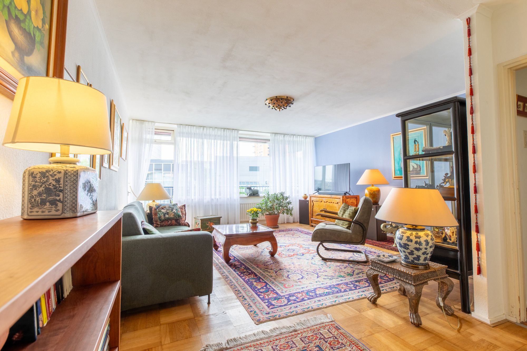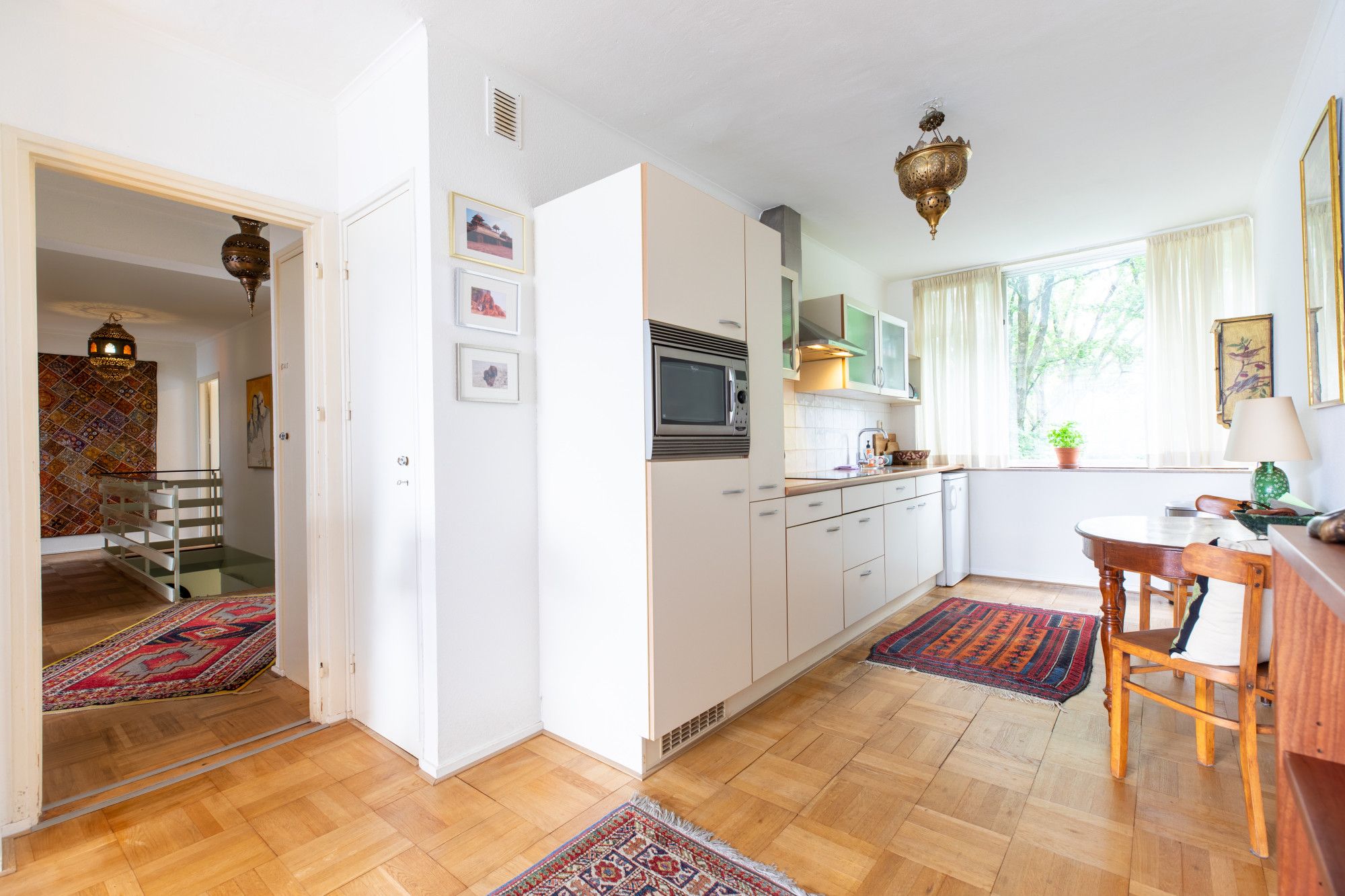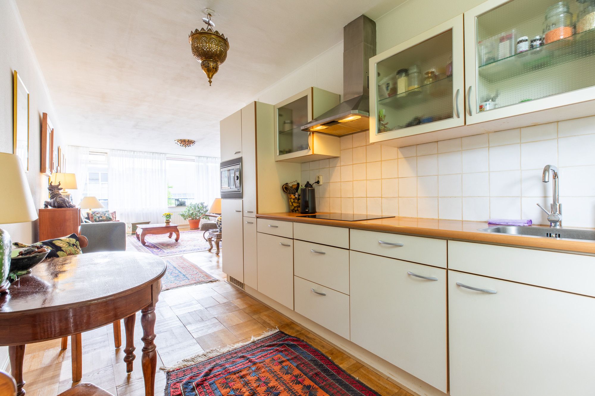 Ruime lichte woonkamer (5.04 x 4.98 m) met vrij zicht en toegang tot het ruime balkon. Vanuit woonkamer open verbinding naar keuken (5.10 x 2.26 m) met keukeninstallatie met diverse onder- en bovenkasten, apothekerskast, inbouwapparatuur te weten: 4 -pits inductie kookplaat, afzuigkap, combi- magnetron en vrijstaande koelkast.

==

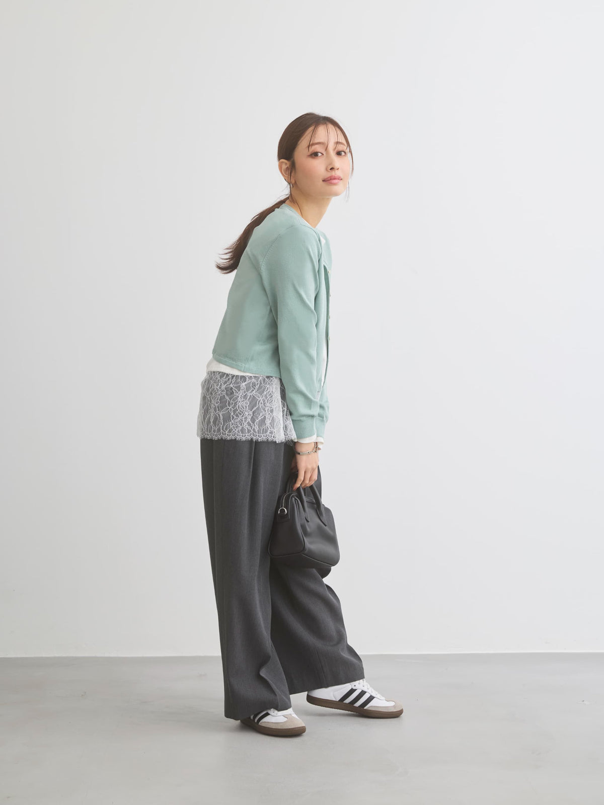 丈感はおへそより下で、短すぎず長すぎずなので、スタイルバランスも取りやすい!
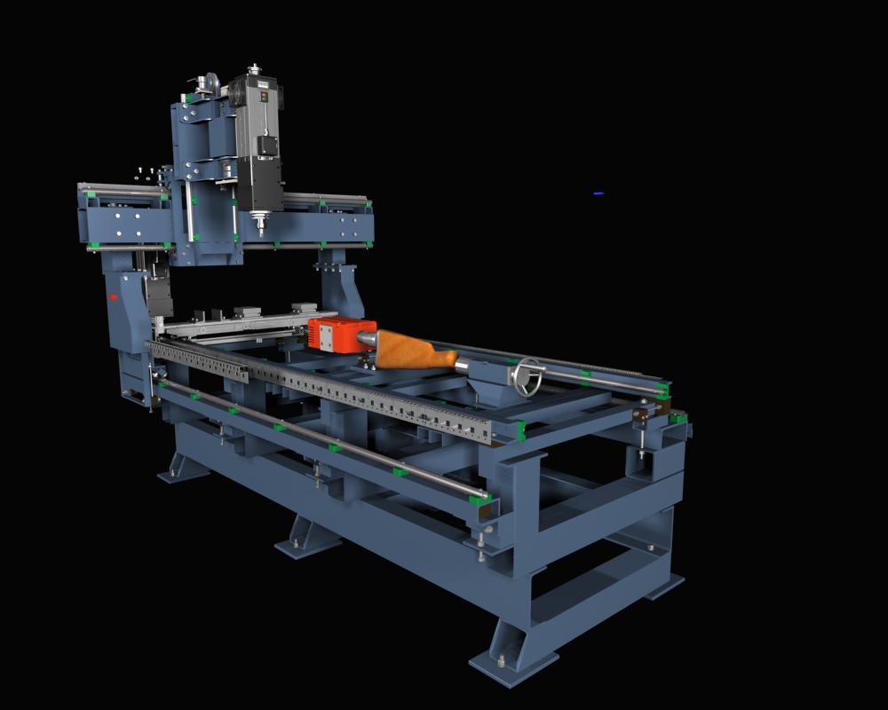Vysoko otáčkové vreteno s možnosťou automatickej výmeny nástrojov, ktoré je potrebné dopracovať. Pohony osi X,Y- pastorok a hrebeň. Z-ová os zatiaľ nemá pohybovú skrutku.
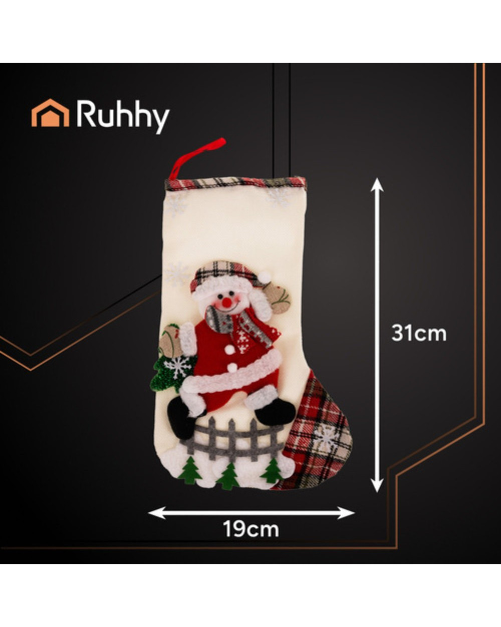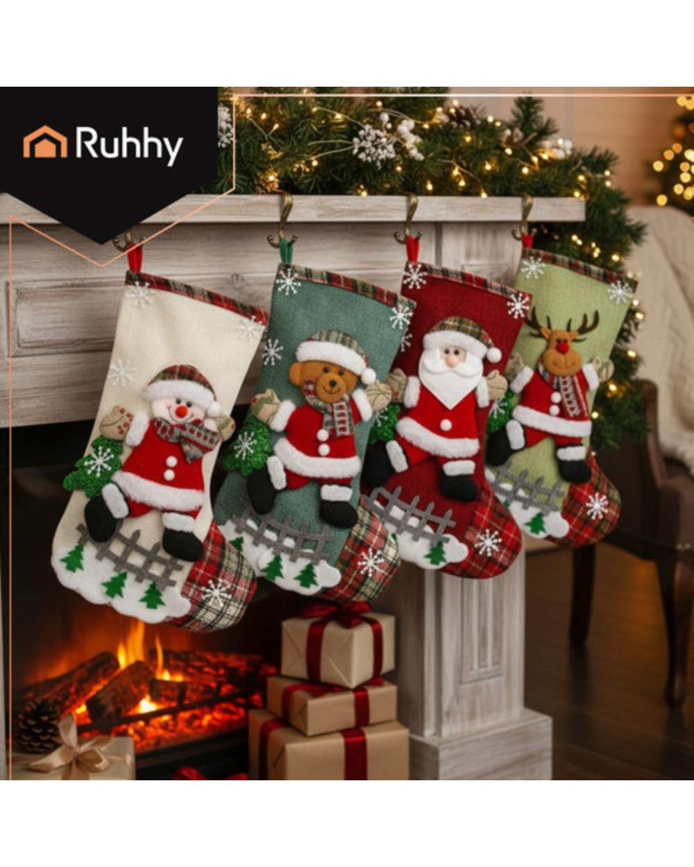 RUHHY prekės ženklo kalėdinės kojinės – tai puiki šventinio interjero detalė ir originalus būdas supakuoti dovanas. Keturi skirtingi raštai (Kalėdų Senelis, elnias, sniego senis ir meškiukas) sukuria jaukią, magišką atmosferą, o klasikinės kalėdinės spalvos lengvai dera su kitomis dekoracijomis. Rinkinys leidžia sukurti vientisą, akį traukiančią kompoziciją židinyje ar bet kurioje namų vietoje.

==

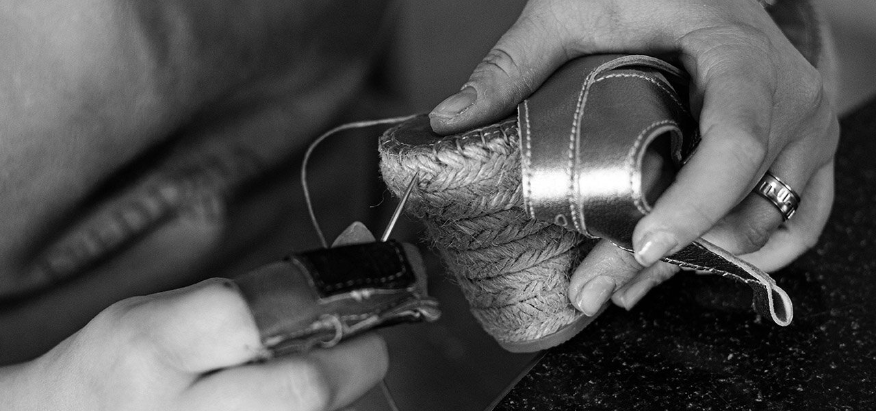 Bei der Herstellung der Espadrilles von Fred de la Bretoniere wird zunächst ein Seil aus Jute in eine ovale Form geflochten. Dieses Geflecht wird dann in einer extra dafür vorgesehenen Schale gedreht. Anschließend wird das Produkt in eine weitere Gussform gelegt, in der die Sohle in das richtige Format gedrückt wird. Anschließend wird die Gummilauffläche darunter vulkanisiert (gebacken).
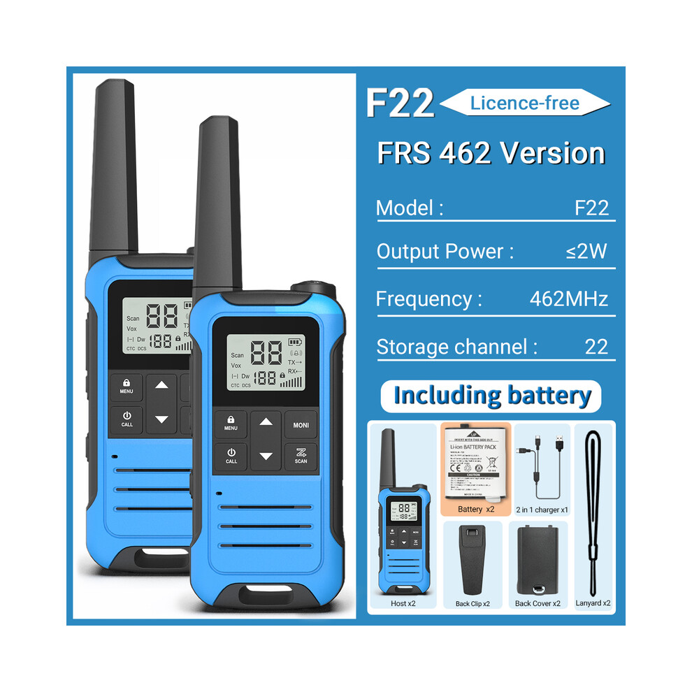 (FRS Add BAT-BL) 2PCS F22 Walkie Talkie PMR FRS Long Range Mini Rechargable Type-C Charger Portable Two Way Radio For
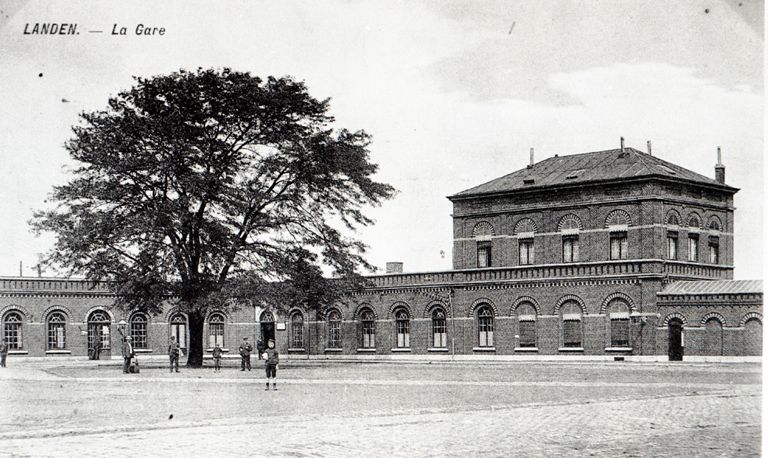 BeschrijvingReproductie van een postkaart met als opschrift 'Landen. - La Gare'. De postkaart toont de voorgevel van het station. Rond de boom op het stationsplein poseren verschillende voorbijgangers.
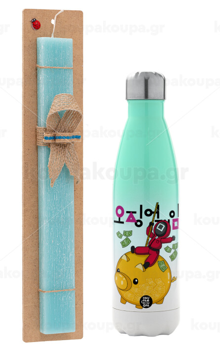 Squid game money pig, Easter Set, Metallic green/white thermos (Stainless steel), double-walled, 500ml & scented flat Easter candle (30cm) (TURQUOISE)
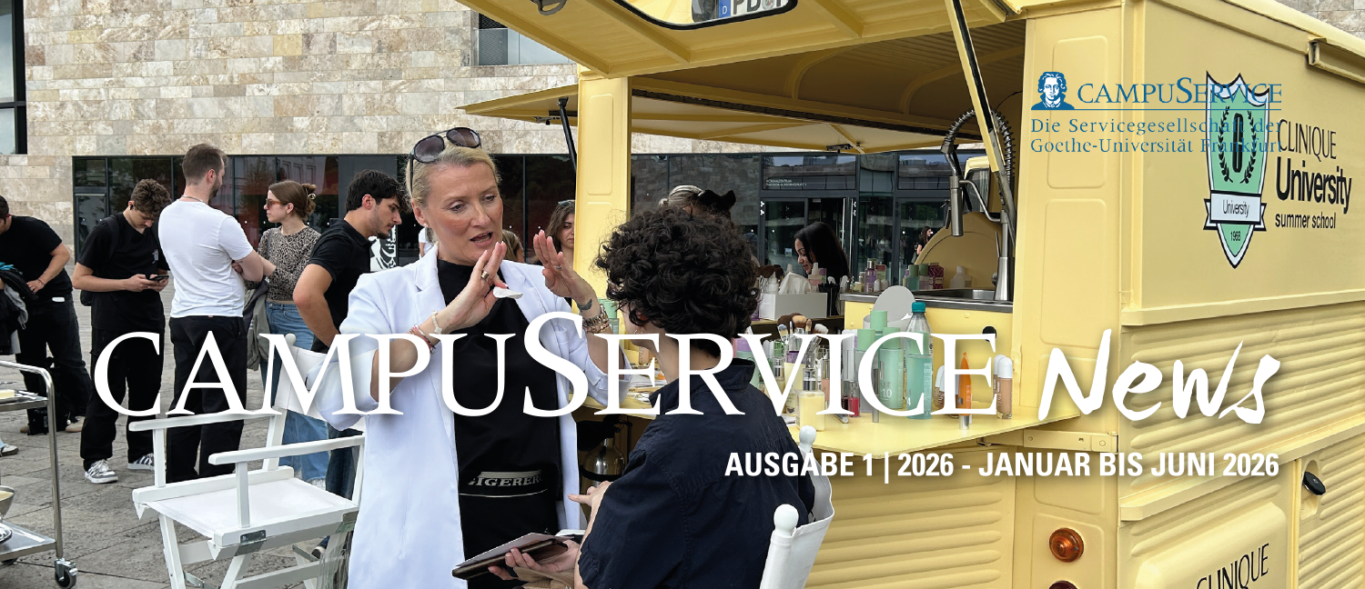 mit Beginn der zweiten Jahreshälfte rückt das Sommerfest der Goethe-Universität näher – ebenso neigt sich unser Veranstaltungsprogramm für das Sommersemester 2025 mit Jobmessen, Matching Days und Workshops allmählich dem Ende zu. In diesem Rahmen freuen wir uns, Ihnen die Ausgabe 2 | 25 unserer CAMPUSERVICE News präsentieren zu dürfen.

### [Problem]
In the material above, which lines fall between the one holding "丈感はおへそより下で、短すぎず長すぎずなので、スタイルバランスも取りやすい!" and the one holding "RUHHY prekės ženklo", inclusive? Print exactly those, with the pictures left out.

### [Answer for this exercise]
 丈感はおへそより下で、短すぎず長すぎずなので、スタイルバランスも取りやすい!
Vysoko otáčkové vreteno s možnosťou automatickej výmeny nástrojov, ktoré je potrebné dopracovať. Pohony osi X,Y- pastorok a hrebeň. Z-ová os zatiaľ nemá pohybovú skrutku.
 RUHHY prekės ženklo kalėdinės kojinės – tai puiki šventinio interjero detalė ir originalus būdas supakuoti dovanas. Keturi skirtingi raštai (Kalėdų Senelis, elnias, sniego senis ir meškiukas) sukuria jaukią, magišką atmosferą, o klasikinės kalėdinės spalvos lengvai dera su kitomis dekoracijomis. Rinkinys leidžia sukurti vientisą, akį traukiančią kompoziciją židinyje ar bet kurioje namų vietoje.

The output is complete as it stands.